Thursday, January 1, 2015

An Instrument of Peace

“If we have no peace, it is because we have forgotten that we belong to each other.” Mother Teresa

A few weeks ago, at a holiday mass at my kids’ sweet little school, I was overcome with the most affirming sense of rightness. Goodness. That all was right and good in the world, my world, as I sat in that full gym and took in all the loveable children, the warmth, the coziness, the goodness as I looked around me. Devoted teachers, caring parents, an authentic community centered on compassion, self-discipline, and social justice. There was an exquisite loveliness to that morning, that moment, as my mom sat next to me at her grandchildren’s school, as we listened to the mass and the children’s beautiful, imperfect voices raised in song.

And then, an alarm went off. A muffled alarm, but persistent and beckoning, near us and quiet enough that only those in the immediate vicinity could hear. But still. I turn and see two large bags – gear bags or like bags you might see unattended at the airport – about ten feet away.  It seems the sound is coming from one of them.
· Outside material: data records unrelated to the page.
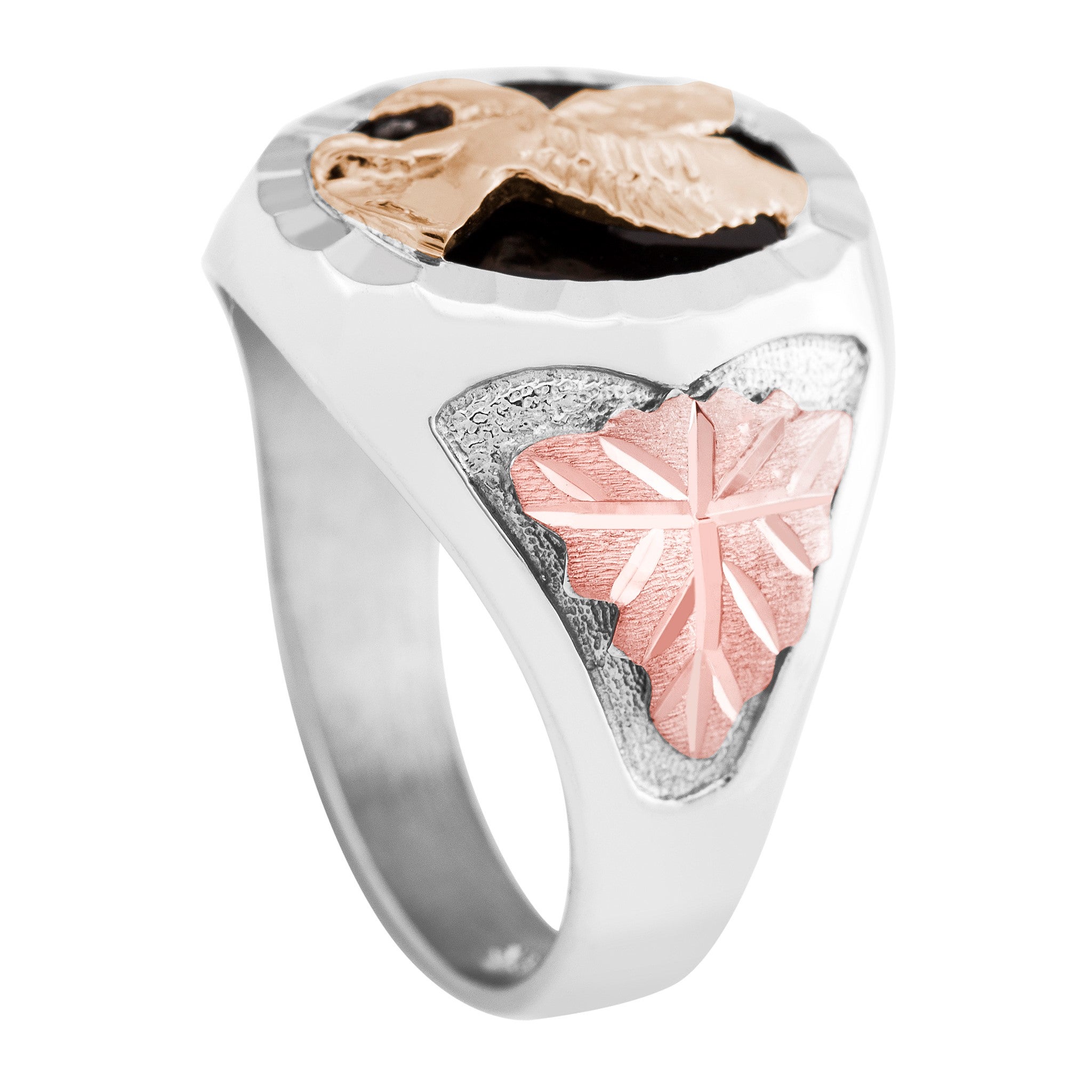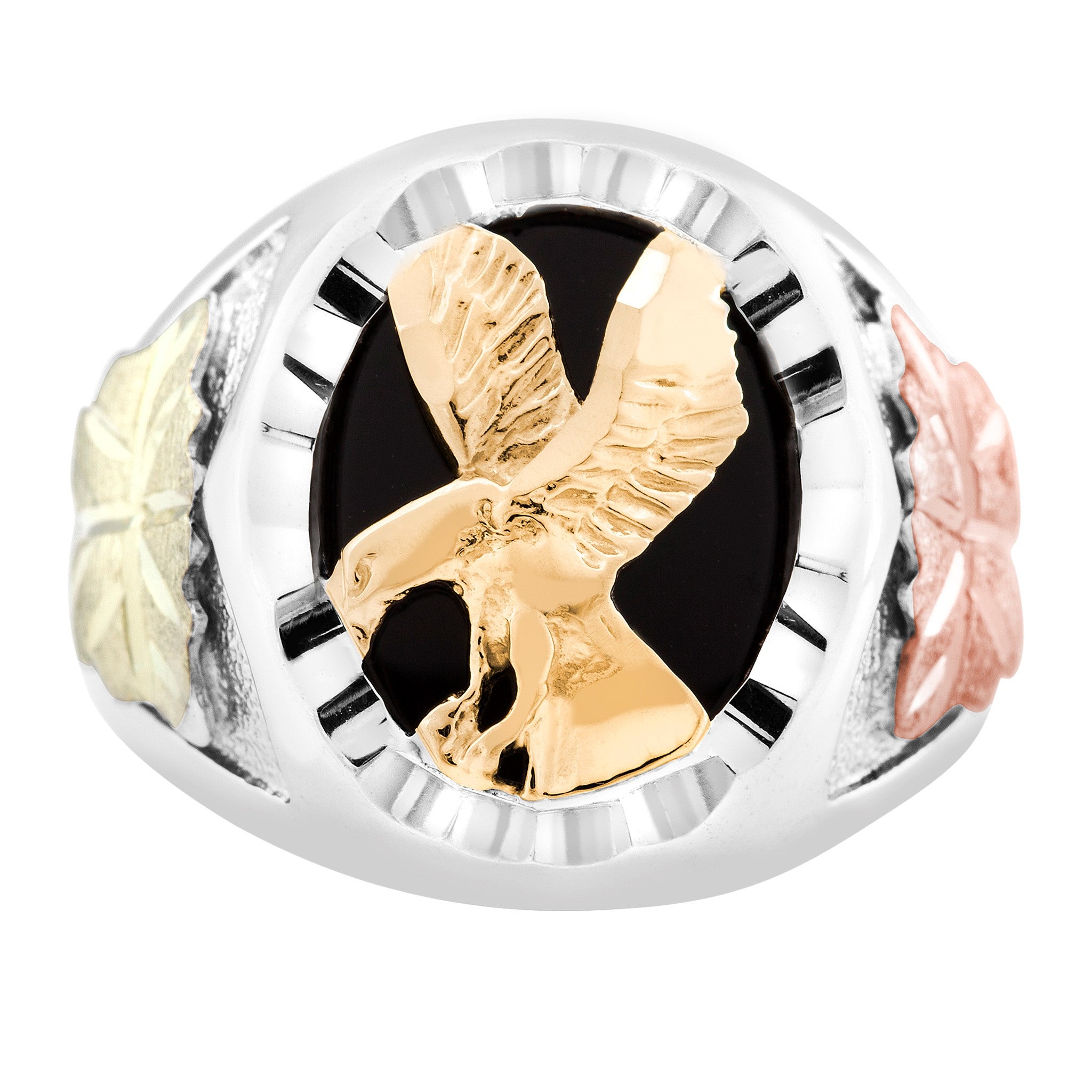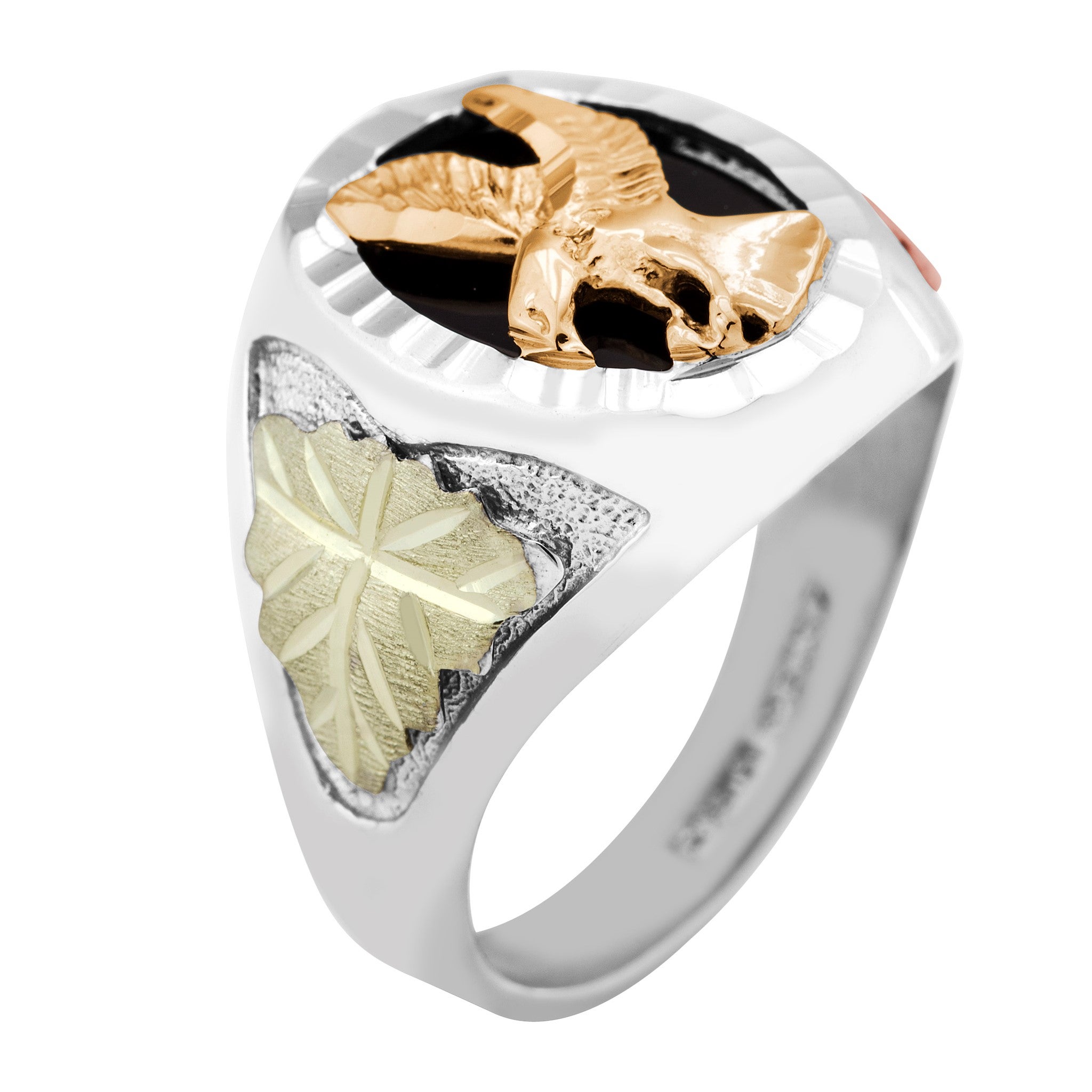 Black Hills Gold & Silver Mens Eagle & Onyx Ring, Silver Ring with 10K Eagle atop 16x12MM Oval Black Onyx inlay, and (2) 12K Green and Rose Leaves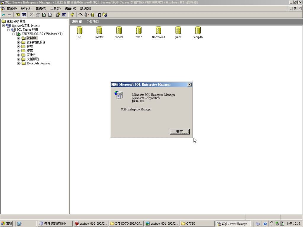 本次使用的版本 Microsoft SQL Enterprise Manager 版本 8.0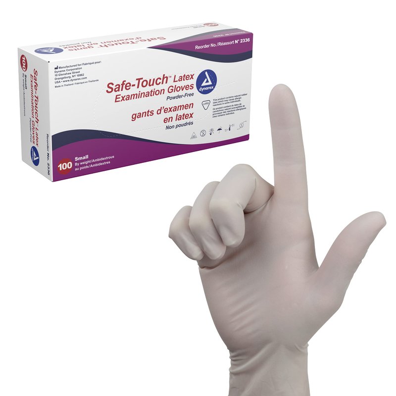 Dynarex Safe-Touch Latex Gloves, Powder-Free, Small, Box/Bisque 100 Count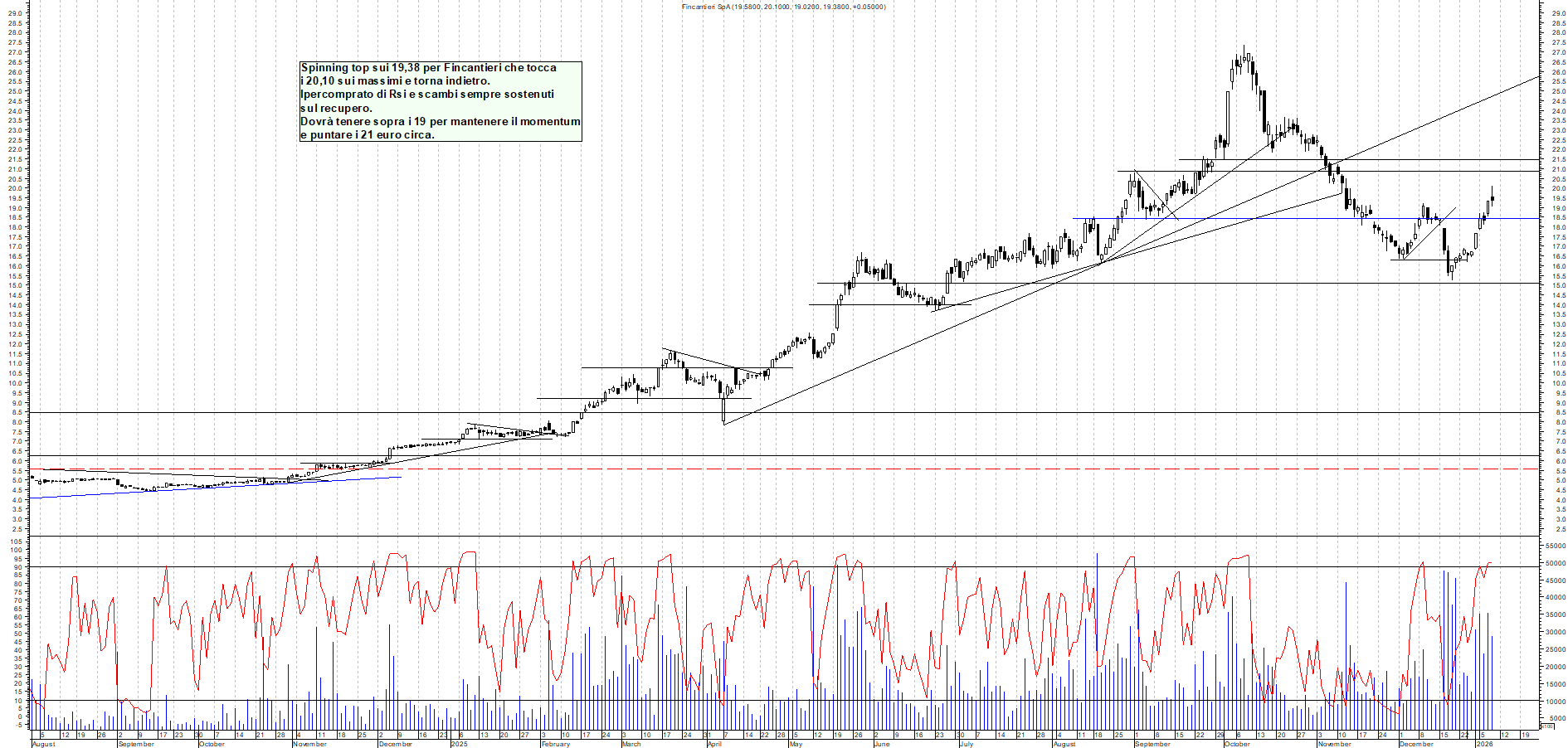 FINCANTIERI: Spinning top sui 19,38 per fincantieri che tocca i 20,10 sui massimi e torna indietro. ipercomprato di rsi e scambi sempre sostenuti sul recupero. dovrà tenere sopra i 19 per mantenere il momentum e puntare i 21 euro circa.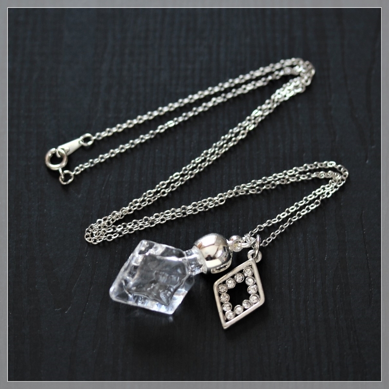 - F7401N/ダイヤ型 硝子の香水瓶ネックレス 菱形チャーム 銀色 ペンダント アロマペンダントにも変更可 ダイヤモンド型 ひし形 菱型 硝子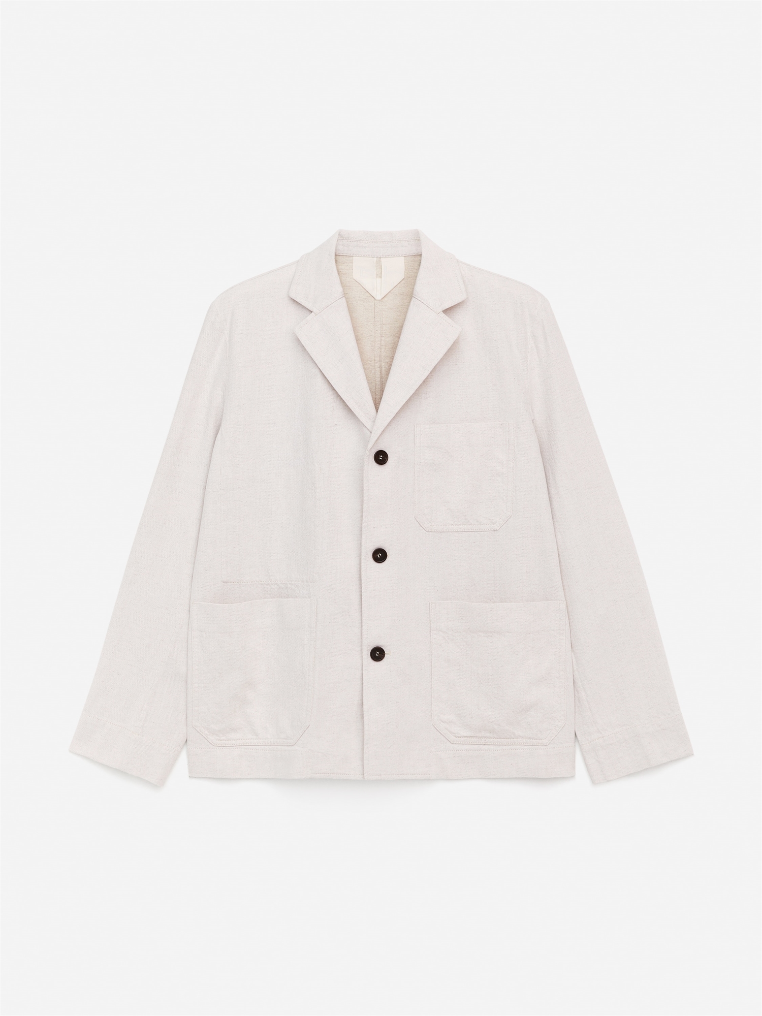Хлопковый льняной блейзер обычного покроя. Однобортный фасон с одним нагрудным и двумя накладными карманами. Пуговицы Corozo из ореха тагуа. Без подкладки. Входит в комплект.

Typically not one to jump to conclusions, I am aware of the December 14th anniversary of Sandy Hook and those families and dear children weigh heavily on my mind. Because we never THINK anything bad will happen at safe places like our kids’ schools. The fact that this is no longer a certainty is troublesome, to say the least. And because of this awful fact, and my recent prayers for the Sandy Hook families, my mind goes THERE. Just briefly. But still. It goes there. What if that alarm is something bad? What if, while I’m sitting here absorbing all this loveliness, something BAD happens? Is this how it goes? Ends? Sitting, soaking up the good that is my kids’ world, and having it all blown to bits by some bag honking – AHNT – AHNT – AHNT – AHNT - 10 feet away from me?

A school administrator walks back, looking curiously and calmly for the sounding alarm’s source. She bends over the bag, as if to move it, and said bag’s owner – the school photographer – swoops in and rescues his bag, silences the troublesome alarm. Silences my runaway brain. At least momentarily. But my peace is rattled, my Zen cover blown.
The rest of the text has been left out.